Is your milk supply low – or is something else going on? Here are 10 common issues breastfeeding parents encounter that might make you think your milk supply low…when it really isn’t.
It’s easy to feel like your milk supply is low.
In fact, around 30% of women who wean early do so because of perceived low milk supply. While a portion of these women truly suffer from low milk supply – there’s a good portion who likely had an adequate supply but, for one reason or other, didn’t think they did.
Understanding what constitutes adequate milk supply is the first step in knowing whether your supply is sufficient or not. In our on demand breastfeeding class “The Complete Online Breastfeeding Class“, you will learn everything you need to know about starting your milk supply out on the right foot – and how to know if something is wrong. All from the comfort of your home.
There are a few different signs that your milk supply is low. However, it’s also very possible that your baby is getting enough milk – and their behavior is indicative of something else (including just being a baby).
If any of the signs mentioned below are combined with lack of sufficient weight gain, not enough diapers or ANY signs of dehydration or lethargy- low milk supply may be the culprit.
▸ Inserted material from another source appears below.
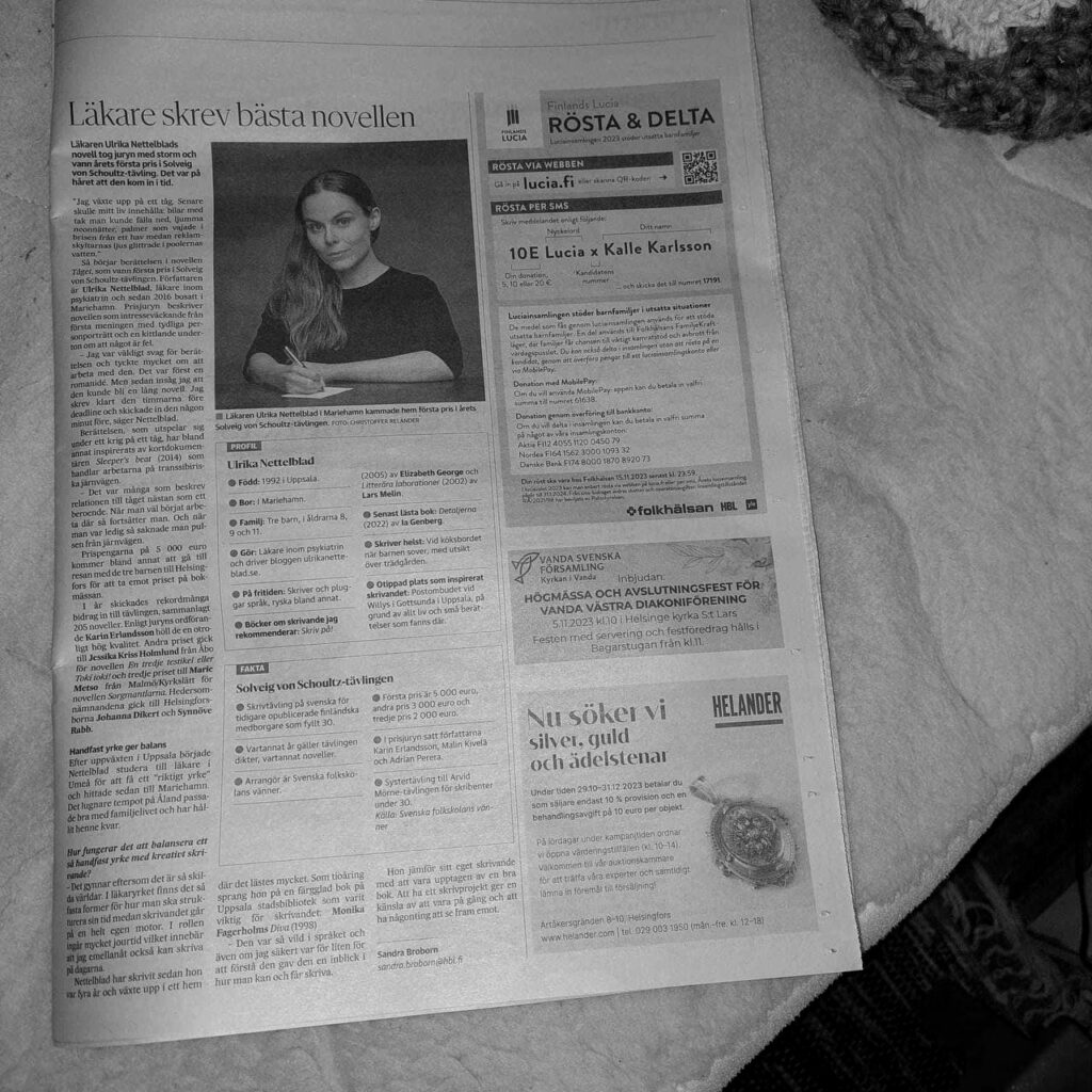 Det är oktober 2023, dagen efter att jag varit på prisutdelningen. Jag sitter på ett lekland i ett shoppingcenter i utkanten av Helsingfors. Mina barn leker själva, så stora nu, jag dricker kaffe.

You need to contact a medical professional immediately. There are sometimes other issues at play but it’s definitely worth looking at supply.
Is My Milk Supply Low or Is it Just My Baby?
Baby Suddenly nursing more
Babies don’t always eat the exact same amount of food at each meal – I mean, do you?! Sometimes a baby will start nursing more because they are hungrier at certain times of days, going through a growth spurt, or they simply just want to nurse.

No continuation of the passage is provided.